*Data:*
★ ★ ★ ★ ★

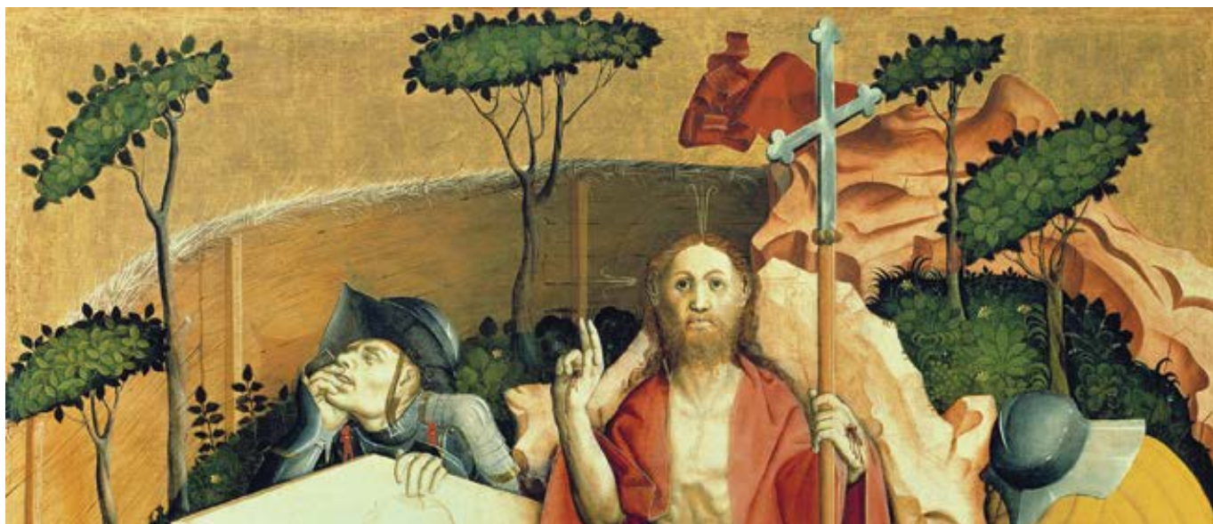
Hans Multscher: Zmrtvýchvstání Ježíše Krista (1437)
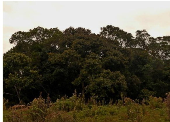
1 y 2. Vegetación presente en La RNSC LA MONTAÑITA (Fuente: Concepto Técnico DTAO No. 20206030000036 de 09/07/2020)
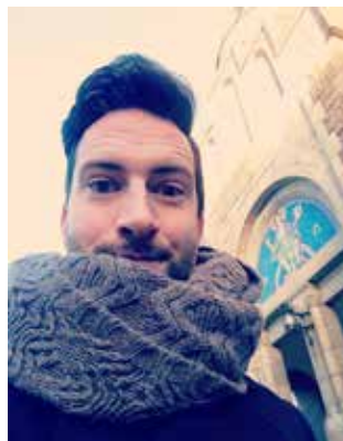
Petter på prästkurs i Göteborg

Prästutbildningen är lång och ibland undrar folk vad det är man egentligen gör. "Läser ni Bibeln hela tiden?" Och svaret är ungefär "Ja, fast nej..." I teologin finns förstås Bibeln och tron i centrum, men vi tittar på det från olika håll i olika kurser. I exegetiken är Bibeln i fokus, då läser man nära. Översätter från grekiskan (Nya testamentet är från början skrivet på grekiska), lär sig om tiden, platsen och kulturen där olika bibeltexter kommit till. Vad vet vi om dem och hur? Så finns systematisk teologi och historisk och praktisk teologi, som man skulle kunna säga handlar om hur kristen tro har formulerats förr och nu. Och hur formulerar jag den? Så finns det kyrkohistoria, religions-

★ ★ ★ ★ ★

*What is required:* Omit the pictures and repeat the rest of the listing verbatim.

*Response:*
Hans Multscher: Zmrtvýchvstání Ježíše Krista (1437)
1 y 2. Vegetación presente en La RNSC LA MONTAÑITA (Fuente: Concepto Técnico DTAO No. 20206030000036 de 09/07/2020)
Petter på prästkurs i Göteborg

Prästutbildningen är lång och ibland undrar folk vad det är man egentligen gör. "Läser ni Bibeln hela tiden?" Och svaret är ungefär "Ja, fast nej..." I teologin finns förstås Bibeln och tron i centrum, men vi tittar på det från olika håll i olika kurser. I exegetiken är Bibeln i fokus, då läser man nära. Översätter från grekiskan (Nya testamentet är från början skrivet på grekiska), lär sig om tiden, platsen och kulturen där olika bibeltexter kommit till. Vad vet vi om dem och hur? Så finns systematisk teologi och historisk och praktisk teologi, som man skulle kunna säga handlar om hur kristen tro har formulerats förr och nu. Och hur formulerar jag den? Så finns det kyrkohistoria, religions-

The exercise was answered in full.